REQUIREMENT
Once the line containing "Professional prompter VSS-27Pro" is found in the entries below, reproduce it and every line after it, stopping at and including the line containing "Die Musikkapelle Kaunertal"; reproduce nothing else, and keep each line exact.

**** INPUT MATERIAL ****

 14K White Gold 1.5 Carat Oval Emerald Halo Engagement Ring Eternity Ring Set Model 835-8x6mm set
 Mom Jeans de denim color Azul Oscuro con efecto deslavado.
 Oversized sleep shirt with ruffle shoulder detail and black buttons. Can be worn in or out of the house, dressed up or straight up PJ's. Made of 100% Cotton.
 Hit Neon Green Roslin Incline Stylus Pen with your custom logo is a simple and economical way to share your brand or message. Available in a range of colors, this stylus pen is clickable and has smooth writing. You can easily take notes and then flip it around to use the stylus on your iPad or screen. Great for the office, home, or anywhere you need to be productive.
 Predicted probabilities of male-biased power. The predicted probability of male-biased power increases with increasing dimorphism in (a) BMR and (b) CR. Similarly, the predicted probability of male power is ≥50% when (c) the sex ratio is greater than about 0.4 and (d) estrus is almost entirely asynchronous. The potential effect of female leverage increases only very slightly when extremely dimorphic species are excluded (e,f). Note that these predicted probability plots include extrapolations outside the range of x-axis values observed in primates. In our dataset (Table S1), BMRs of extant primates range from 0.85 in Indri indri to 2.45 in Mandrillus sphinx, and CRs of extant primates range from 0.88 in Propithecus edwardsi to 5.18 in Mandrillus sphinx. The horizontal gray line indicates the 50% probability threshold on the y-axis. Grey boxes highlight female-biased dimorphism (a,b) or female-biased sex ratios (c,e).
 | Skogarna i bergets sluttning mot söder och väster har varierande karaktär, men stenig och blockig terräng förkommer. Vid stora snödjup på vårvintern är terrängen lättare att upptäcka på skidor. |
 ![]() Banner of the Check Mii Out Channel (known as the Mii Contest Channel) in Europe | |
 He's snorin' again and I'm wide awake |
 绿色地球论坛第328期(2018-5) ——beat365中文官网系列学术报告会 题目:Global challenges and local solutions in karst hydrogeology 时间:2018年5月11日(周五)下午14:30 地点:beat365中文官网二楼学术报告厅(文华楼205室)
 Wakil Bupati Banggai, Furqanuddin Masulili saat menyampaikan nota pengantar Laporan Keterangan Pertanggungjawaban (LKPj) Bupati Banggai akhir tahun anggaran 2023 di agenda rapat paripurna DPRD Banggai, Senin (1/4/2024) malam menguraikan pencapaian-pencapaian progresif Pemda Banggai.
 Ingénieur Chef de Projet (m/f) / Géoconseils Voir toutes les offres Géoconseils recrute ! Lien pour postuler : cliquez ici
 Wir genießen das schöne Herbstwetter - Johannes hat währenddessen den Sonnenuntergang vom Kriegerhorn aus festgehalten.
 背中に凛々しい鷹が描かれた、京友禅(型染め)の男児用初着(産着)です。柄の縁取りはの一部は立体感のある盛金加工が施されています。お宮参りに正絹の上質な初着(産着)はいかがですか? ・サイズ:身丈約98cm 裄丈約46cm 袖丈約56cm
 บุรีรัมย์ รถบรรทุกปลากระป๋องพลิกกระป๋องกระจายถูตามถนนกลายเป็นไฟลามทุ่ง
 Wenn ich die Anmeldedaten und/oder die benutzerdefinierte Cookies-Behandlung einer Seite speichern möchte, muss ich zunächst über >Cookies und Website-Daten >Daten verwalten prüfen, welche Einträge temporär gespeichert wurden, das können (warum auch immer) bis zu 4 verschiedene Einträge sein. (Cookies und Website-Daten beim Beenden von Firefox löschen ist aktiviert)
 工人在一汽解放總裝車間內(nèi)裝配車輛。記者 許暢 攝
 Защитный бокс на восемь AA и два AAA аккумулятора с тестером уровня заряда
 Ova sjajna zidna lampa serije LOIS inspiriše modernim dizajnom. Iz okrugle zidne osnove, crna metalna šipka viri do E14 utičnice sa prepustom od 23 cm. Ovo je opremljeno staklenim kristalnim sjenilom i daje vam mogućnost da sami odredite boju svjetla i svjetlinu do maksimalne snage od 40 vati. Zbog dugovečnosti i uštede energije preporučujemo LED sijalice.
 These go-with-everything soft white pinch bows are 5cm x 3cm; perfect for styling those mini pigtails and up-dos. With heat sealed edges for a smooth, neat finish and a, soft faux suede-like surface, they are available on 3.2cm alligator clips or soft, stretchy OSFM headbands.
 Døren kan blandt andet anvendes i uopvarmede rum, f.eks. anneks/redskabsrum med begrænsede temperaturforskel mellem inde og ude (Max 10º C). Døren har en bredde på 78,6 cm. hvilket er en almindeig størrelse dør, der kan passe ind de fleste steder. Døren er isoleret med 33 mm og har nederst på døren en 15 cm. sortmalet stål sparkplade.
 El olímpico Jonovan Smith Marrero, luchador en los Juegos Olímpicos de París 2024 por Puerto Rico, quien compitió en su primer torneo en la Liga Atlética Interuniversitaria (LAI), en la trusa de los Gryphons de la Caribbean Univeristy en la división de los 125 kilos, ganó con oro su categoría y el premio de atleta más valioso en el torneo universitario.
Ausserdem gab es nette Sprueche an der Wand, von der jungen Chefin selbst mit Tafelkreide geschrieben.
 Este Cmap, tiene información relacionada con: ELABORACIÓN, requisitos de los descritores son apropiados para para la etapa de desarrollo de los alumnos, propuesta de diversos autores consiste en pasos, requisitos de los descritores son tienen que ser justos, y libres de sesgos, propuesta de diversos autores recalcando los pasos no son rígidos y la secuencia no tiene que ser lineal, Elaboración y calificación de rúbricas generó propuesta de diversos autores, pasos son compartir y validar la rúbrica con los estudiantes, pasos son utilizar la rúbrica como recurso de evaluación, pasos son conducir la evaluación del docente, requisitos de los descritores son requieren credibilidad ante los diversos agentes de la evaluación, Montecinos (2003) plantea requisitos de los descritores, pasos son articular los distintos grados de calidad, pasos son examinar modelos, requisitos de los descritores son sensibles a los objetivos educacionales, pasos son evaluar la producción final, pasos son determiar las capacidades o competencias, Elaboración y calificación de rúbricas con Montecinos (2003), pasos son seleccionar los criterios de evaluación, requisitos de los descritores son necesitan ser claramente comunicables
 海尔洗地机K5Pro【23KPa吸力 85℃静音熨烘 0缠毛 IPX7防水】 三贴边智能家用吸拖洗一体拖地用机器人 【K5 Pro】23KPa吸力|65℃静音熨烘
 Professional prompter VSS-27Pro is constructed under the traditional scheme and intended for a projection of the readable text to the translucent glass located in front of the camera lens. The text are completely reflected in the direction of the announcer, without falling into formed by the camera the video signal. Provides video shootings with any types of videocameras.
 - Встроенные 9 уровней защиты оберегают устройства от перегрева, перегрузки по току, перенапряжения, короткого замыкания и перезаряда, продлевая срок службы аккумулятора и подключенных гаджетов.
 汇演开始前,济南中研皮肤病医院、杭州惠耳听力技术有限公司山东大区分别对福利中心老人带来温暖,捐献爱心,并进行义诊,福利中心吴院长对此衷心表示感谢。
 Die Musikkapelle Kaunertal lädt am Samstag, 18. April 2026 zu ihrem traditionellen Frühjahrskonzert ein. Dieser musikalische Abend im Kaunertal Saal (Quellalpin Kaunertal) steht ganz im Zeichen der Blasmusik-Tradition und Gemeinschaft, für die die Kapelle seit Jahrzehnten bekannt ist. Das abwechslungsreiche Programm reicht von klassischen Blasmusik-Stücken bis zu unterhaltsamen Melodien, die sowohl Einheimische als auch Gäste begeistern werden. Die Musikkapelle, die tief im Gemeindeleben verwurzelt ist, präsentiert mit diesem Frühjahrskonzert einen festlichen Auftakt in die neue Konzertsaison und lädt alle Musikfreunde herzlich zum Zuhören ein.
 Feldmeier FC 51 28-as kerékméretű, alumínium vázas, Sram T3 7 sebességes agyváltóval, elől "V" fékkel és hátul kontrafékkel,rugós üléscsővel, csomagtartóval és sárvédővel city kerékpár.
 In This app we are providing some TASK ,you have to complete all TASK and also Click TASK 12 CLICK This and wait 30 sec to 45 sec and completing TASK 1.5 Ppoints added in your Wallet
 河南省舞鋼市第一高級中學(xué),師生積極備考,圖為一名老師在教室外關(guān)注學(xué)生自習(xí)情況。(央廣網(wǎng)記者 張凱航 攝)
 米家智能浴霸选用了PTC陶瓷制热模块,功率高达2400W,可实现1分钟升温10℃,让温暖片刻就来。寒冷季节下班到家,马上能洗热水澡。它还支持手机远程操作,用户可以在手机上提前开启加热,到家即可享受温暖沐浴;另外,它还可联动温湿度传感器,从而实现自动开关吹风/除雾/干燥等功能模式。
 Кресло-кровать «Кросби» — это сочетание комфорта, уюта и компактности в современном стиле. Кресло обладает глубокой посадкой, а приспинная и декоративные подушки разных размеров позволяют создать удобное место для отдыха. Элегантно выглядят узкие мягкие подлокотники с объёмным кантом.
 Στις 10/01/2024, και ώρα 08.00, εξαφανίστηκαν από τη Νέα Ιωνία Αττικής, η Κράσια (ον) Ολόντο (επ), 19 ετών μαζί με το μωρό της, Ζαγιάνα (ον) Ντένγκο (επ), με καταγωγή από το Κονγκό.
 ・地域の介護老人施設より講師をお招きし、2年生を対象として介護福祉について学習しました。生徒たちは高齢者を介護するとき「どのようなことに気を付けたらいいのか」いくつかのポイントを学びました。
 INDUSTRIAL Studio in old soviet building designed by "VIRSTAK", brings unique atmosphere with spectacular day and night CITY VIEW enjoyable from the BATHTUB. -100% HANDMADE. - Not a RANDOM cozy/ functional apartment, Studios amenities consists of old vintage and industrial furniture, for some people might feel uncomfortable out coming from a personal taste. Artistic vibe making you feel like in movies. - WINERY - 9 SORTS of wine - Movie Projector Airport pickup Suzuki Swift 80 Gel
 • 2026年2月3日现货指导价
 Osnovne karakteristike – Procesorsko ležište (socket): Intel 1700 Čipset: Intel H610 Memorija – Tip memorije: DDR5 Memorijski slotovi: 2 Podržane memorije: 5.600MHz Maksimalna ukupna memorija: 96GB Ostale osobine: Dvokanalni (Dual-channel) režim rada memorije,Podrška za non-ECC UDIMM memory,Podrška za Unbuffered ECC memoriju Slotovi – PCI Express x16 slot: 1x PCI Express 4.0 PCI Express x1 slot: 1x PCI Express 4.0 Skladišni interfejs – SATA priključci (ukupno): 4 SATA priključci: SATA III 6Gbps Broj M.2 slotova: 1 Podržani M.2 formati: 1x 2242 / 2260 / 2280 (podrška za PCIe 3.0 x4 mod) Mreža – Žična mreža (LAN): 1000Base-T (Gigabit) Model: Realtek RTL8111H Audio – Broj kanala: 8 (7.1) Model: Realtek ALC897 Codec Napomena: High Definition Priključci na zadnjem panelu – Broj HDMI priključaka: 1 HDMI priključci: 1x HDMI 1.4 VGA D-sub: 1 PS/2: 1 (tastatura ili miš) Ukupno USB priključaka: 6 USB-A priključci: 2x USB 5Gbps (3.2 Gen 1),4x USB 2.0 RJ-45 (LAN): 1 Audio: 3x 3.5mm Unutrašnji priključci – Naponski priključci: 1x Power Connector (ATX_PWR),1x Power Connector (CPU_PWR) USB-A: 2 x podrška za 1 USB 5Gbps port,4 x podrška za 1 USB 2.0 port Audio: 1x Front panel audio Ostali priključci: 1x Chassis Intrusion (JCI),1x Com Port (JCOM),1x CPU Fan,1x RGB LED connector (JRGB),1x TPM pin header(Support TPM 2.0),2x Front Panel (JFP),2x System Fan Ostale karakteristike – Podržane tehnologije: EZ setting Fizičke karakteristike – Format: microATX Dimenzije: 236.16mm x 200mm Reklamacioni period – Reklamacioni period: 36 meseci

****

ANSWER SPACE
 Professional prompter VSS-27Pro is constructed under the traditional scheme and intended for a projection of the readable text to the translucent glass located in front of the camera lens. The text are completely reflected in the direction of the announcer, without falling into formed by the camera the video signal. Provides video shootings with any types of videocameras.
 - Встроенные 9 уровней защиты оберегают устройства от перегрева, перегрузки по току, перенапряжения, короткого замыкания и перезаряда, продлевая срок службы аккумулятора и подключенных гаджетов.
 汇演开始前,济南中研皮肤病医院、杭州惠耳听力技术有限公司山东大区分别对福利中心老人带来温暖,捐献爱心,并进行义诊,福利中心吴院长对此衷心表示感谢。
 Die Musikkapelle Kaunertal lädt am Samstag, 18. April 2026 zu ihrem traditionellen Frühjahrskonzert ein. Dieser musikalische Abend im Kaunertal Saal (Quellalpin Kaunertal) steht ganz im Zeichen der Blasmusik-Tradition und Gemeinschaft, für die die Kapelle seit Jahrzehnten bekannt ist. Das abwechslungsreiche Programm reicht von klassischen Blasmusik-Stücken bis zu unterhaltsamen Melodien, die sowohl Einheimische als auch Gäste begeistern werden. Die Musikkapelle, die tief im Gemeindeleben verwurzelt ist, präsentiert mit diesem Frühjahrskonzert einen festlichen Auftakt in die neue Konzertsaison und lädt alle Musikfreunde herzlich zum Zuhören ein.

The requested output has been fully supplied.